* What the exercise asks
Repeat the lines of the data exactly and exclude any picture among them.

* Given material

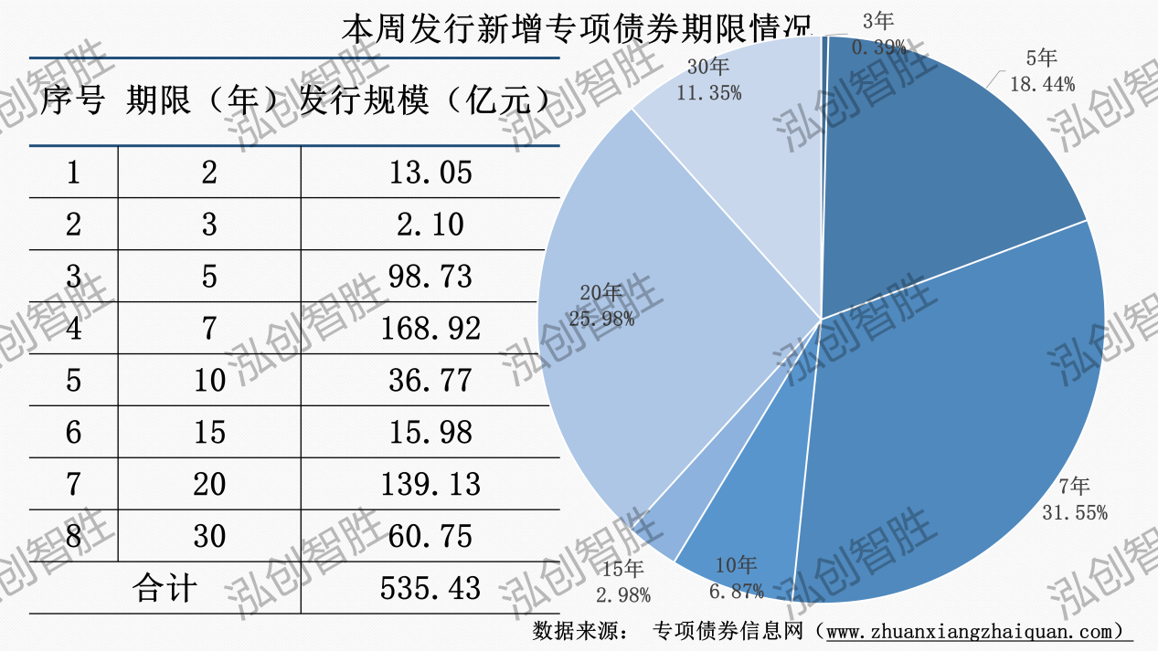 本周发行新增专项债券涉及8种期限类型,2年期、3年期、5年期、7年期、10年期、15年期、20年期、30年期。
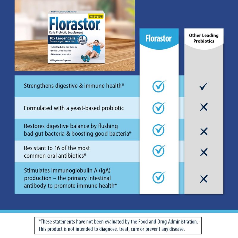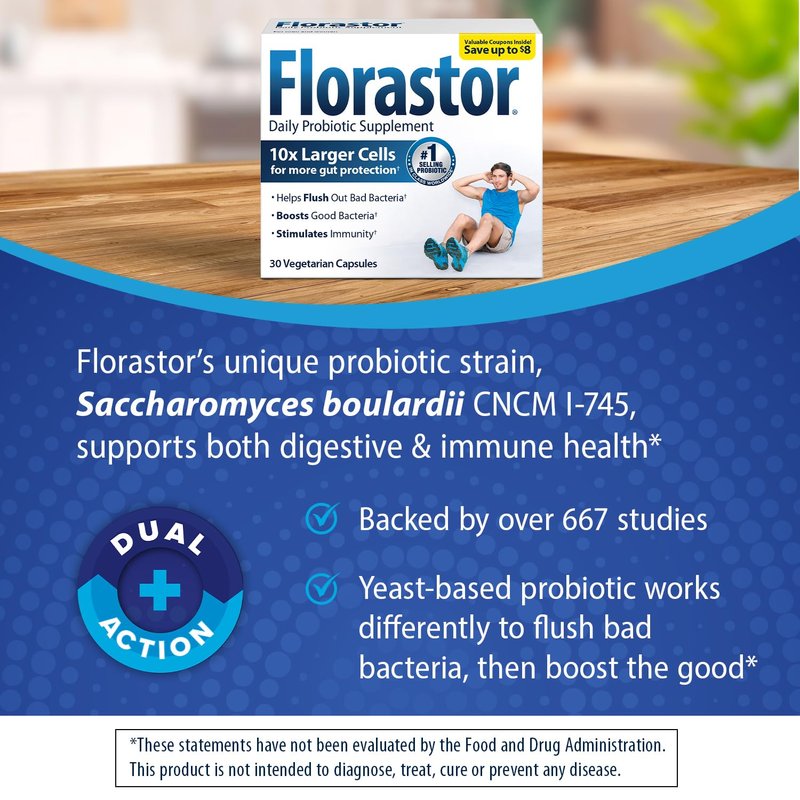 - Dual action support: Florastor probiotic helps strengthen digestive support; probiotics for women and men help flush bad bacteria and allow good bacteria to flourish; helps provide immune support and improve digestion by breaking down carbs and sugars*
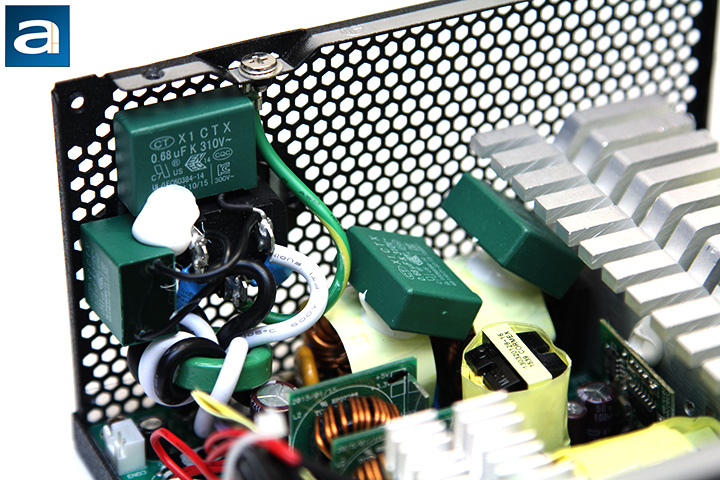 A quick tug on the shell, and we got straight to the internal inspection. The transient filter stage is the first input stage of a computer power supply, so we will take a look at that first. SilverStone has always done a great job in the past to make sure their power supplies met or exceeded the recommended requirements, and the Enhance based ST80F-TI is no exception. The SilverStone Strider Titanium ST80F-TI 800W has two ferrite coils, one metal oxide varistor, four metalized polyester X-capacitors, and two ceramic Y-capacitors. This is four times the amount of X capacitors than recommended. Considering how many modern day PSUs have missing MOVs, I am happy to see it here, as this component is used to stabilize spikes from the AC line. A Sanken A6069H current mode control PWM regulator IC for controlling standby power can be spotted as well.

* Response area
 本周发行新增专项债券涉及8种期限类型,2年期、3年期、5年期、7年期、10年期、15年期、20年期、30年期。
 - Dual action support: Florastor probiotic helps strengthen digestive support; probiotics for women and men help flush bad bacteria and allow good bacteria to flourish; helps provide immune support and improve digestion by breaking down carbs and sugars*
 A quick tug on the shell, and we got straight to the internal inspection. The transient filter stage is the first input stage of a computer power supply, so we will take a look at that first. SilverStone has always done a great job in the past to make sure their power supplies met or exceeded the recommended requirements, and the Enhance based ST80F-TI is no exception. The SilverStone Strider Titanium ST80F-TI 800W has two ferrite coils, one metal oxide varistor, four metalized polyester X-capacitors, and two ceramic Y-capacitors. This is four times the amount of X capacitors than recommended. Considering how many modern day PSUs have missing MOVs, I am happy to see it here, as this component is used to stabilize spikes from the AC line. A Sanken A6069H current mode control PWM regulator IC for controlling standby power can be spotted as well.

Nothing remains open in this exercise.